(PROVIDED MATERIAL begins)

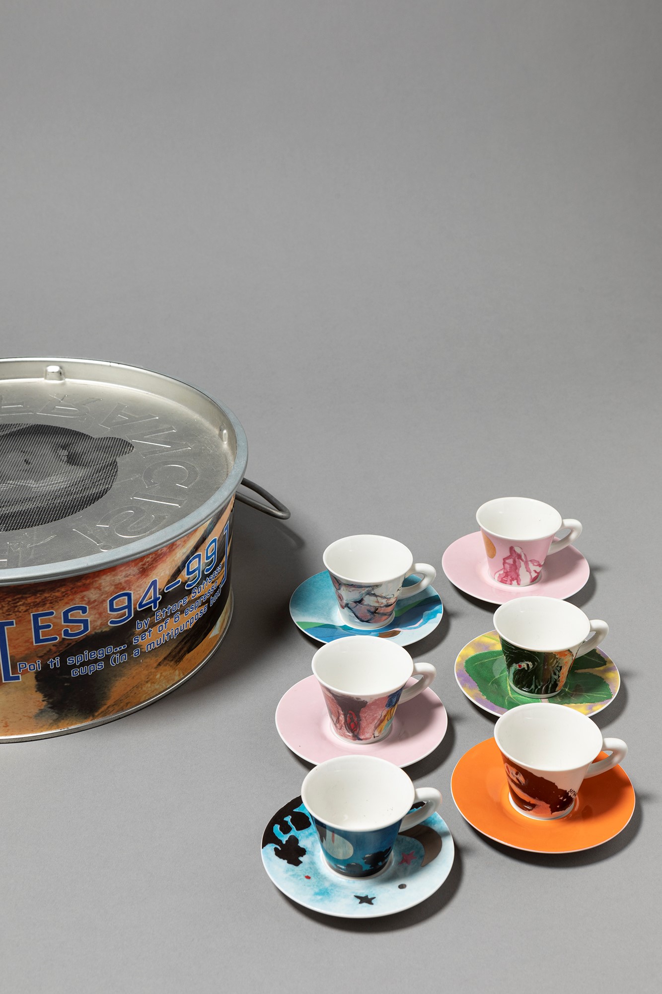 Ettore Sottsass - Servizio da caffè modello “Poi ti spiego” composto da 6 tazzine e 6 piattini in scatola originale in metallo.
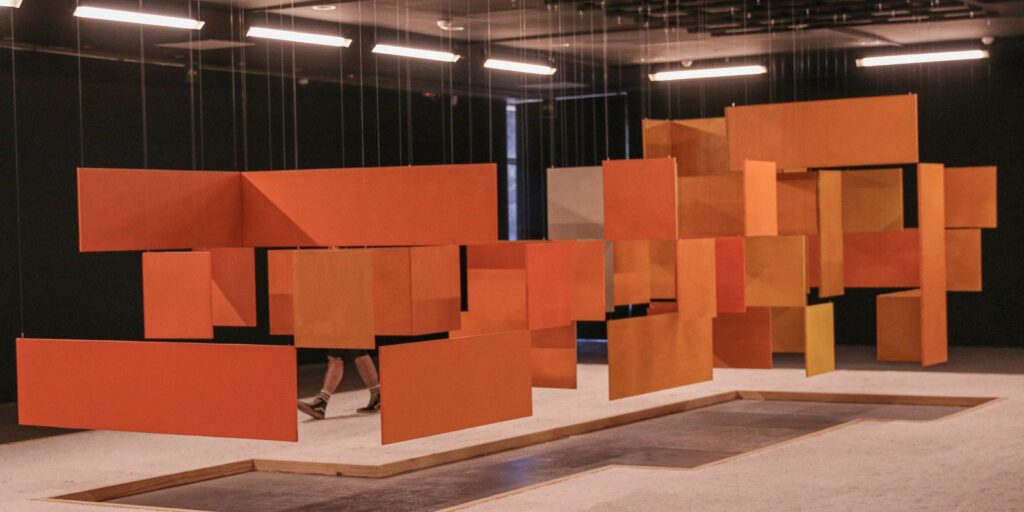 “Gradualmente, esto evolucionó hacia obras fragmentadas, primero como dibujos sobre papel, y luego transformadas en objetos que ocupan el espacio e invitan a la interacción. Las personas se convierten en parte integrante de las obras”, ejemplifica.
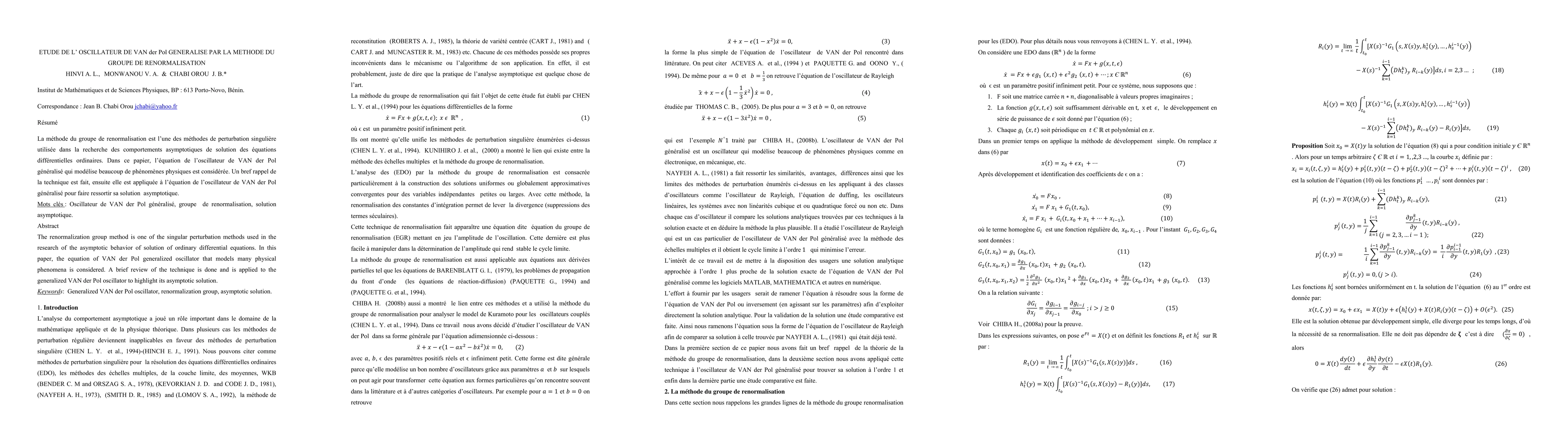 This paper applies the renormalization group method to study the generalized VAN der Pol oscillator, aiming to elucidate its asymptotic behavior and model various physical phenomena. The method provides insights into the solution's long-term dynamics.
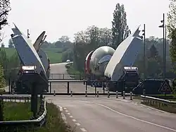 The Itinéraire à Grand Gabarit is a water and road route that has been created in order to allow the transport of the outsize structural sections of the Airbus A380 airliner from their point of manufacture to Toulouse for final assembly. The route was largely created by modifying existing waterways and public roads, with the addition of some new road sections. Specially constructed ships, barges and road vehicles carry the aircraft parts on the route,[1] as traditional transportation methods proved unfeasible. The parts are not handled directly.[2]

(PROVIDED MATERIAL ends)

• **WORK INSTRUCTIONS**
Using the material above, reproduce only the lines that run from the line with "esto evolucionó hacia" up to and including the line with "This paper applies", exactly, with the pictures dropped.

• **EXERCISE RESPONSE**
 “Gradualmente, esto evolucionó hacia obras fragmentadas, primero como dibujos sobre papel, y luego transformadas en objetos que ocupan el espacio e invitan a la interacción. Las personas se convierten en parte integrante de las obras”, ejemplifica.
 This paper applies the renormalization group method to study the generalized VAN der Pol oscillator, aiming to elucidate its asymptotic behavior and model various physical phenomena. The method provides insights into the solution's long-term dynamics.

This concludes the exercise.